Ainsi et même après une décennie, j'essaie patiemment d'analyser et de comprendre pourquoi et comment notre pays, connu pour être un havre de paix et une oasis de tolérance a soudainement basculé dans la terreur et une folie meurtrière ? Et cela en l'espace de quelques mois !
La nouvelle intitulée '' Carnages '' est un hymne et un hommage au courage de tous ceux tombés au champ d'honneur et de leur sang arrosé cette terre bénie. Un message contre l'oubli afin que leur sacrifice demeure gravé et enfoui dans notre mémoire collective.
Dans deux autres nouvelles : '' Ravages '' et '' Virages '' , j'ai aussi voulu rendre hommage aux travail, à l’abnégation, aux efforts surhumains et parfois aux sacrifices consentis par les ' blouses blanches ' tant en Tunisie qu'en Afrique sub-saharienne pour sauver des vies menacées par les pandémies tel qu'Ebola ,laquelle n'est pas sans rappeler le Covid-19 qui a fait des millions de victimes de par le monde .
Certains sujets de société forment l'ossature des trois autres nouvelles : '' Rage'' , '' Naufrages ' et '' Outrage '' .
Il s'agit de l'épineux phénomène du violet du meurtres de mineurs et le dilemme posé par la peine de mort ; des affres de la jalousie, laquelle tel un cancer ronge le corps, le cœur et l’esprit. Enfin, la problématique du suicide et de l'euthanasie avec ce qu'ils soulèvent de tabous religieux et éthiques.
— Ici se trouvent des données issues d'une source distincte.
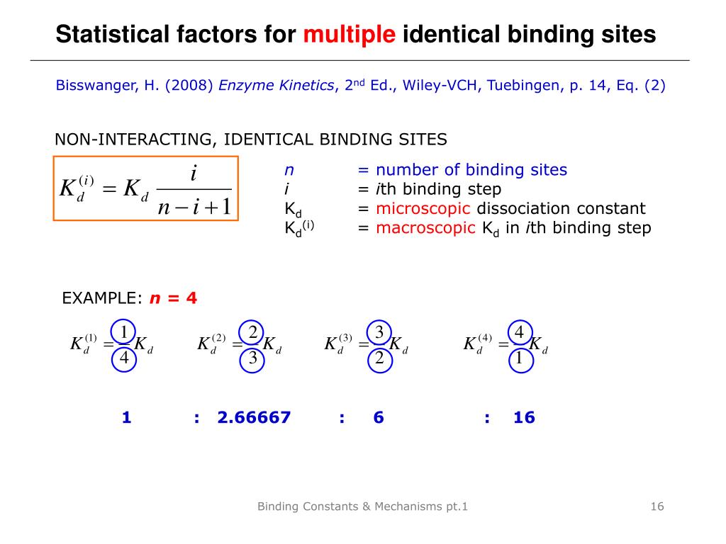 EXAMPLE: n = 4 Statistical factors for multiple identical binding sites Bisswanger, H. (2008) Enzyme Kinetics, 2nd Ed., Wiley-VCH, Tuebingen, p. 14, Eq. (2) NON-INTERACTING, IDENTICAL BINDING SITES n = number of binding sites i = ith binding step Kd = microscopic dissociation constant Kd(i) = macroscopic Kd in ith binding step 1 : 2.66667 : 6 : 16 Binding Constants & Mechanisms pt.1

En filigrane transparaît également dans les six nouvelles le visage hideux de l'hydre des fanatismes politique et religieux suite à leurs récents déferlements sur la quasi-totalité des pays. La montée en puissance de l'extrême droite xénophobe, sexiste et raciste en Occident et de '' l'islamisme frèriste '' en Afrique et au Moyen-Orient, qui ne sont in fine que les deux faces de la même pièce et les ravages qu'ils ont causés un peu partout dans le monde, ne sont pas sans rappeler la période sombre des années 30 et 40 du siècle dernier. La raison a cédé la place aux passions, la sagesse à la folie, la solidarité au chauvinisme et l'empathie à l'égoïsme débridé.
Socrate l'Athénien avait choisi la cigue à l'exil . Socrate le Tunisien a préféré la mort aux compromissions. Tous deux nous adressent un message d'outre-tombe : la liberté n'a pas de prix et elle mérite le sacrifice suprême. Reposez en paix avec les nombreux martyrs qui ont suivi votre chemin. Votre noble combat n'a pas été vain et ne le sera pas!